## Data below

..........

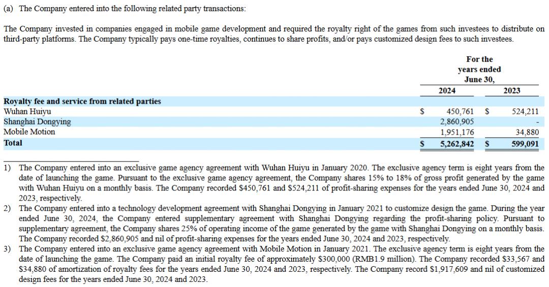 具体案例可以参考「关联交易」披露的信息。该栏显示,2024财年,关于游戏版权费及分成费的交易,Gamehaus分别向上海动影网络、Mobile Motion支付了286万美元和195万美元。
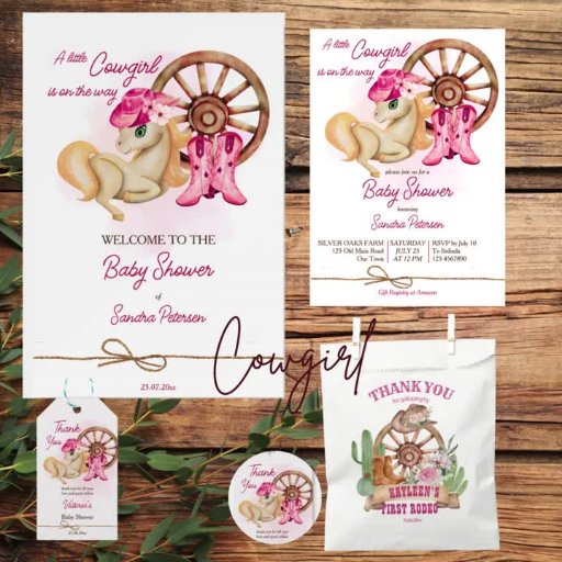 Cowgirl western rodeo baby shower pink cow pattern cute baby horse customised monogrammed napkins template personalised cowgirl baby shower tableware western baby shower table decor rodeo baby girls baby shower party supplies personalised paper plates
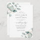 Rustic botanical boho chic vackra emerald sage grönt dammig blå guld-vattenfärg eucalyptus grenar bröllopsinbjudan med elegant klassisk manus.

..........

Omitting all pictures, restate exactly the lines of the material from its start through the line that contains "Cowgirl western rodeo".

## Response to this task
 具体案例可以参考「关联交易」披露的信息。该栏显示,2024财年,关于游戏版权费及分成费的交易,Gamehaus分别向上海动影网络、Mobile Motion支付了286万美元和195万美元。
 Cowgirl western rodeo baby shower pink cow pattern cute baby horse customised monogrammed napkins template personalised cowgirl baby shower tableware western baby shower table decor rodeo baby girls baby shower party supplies personalised paper plates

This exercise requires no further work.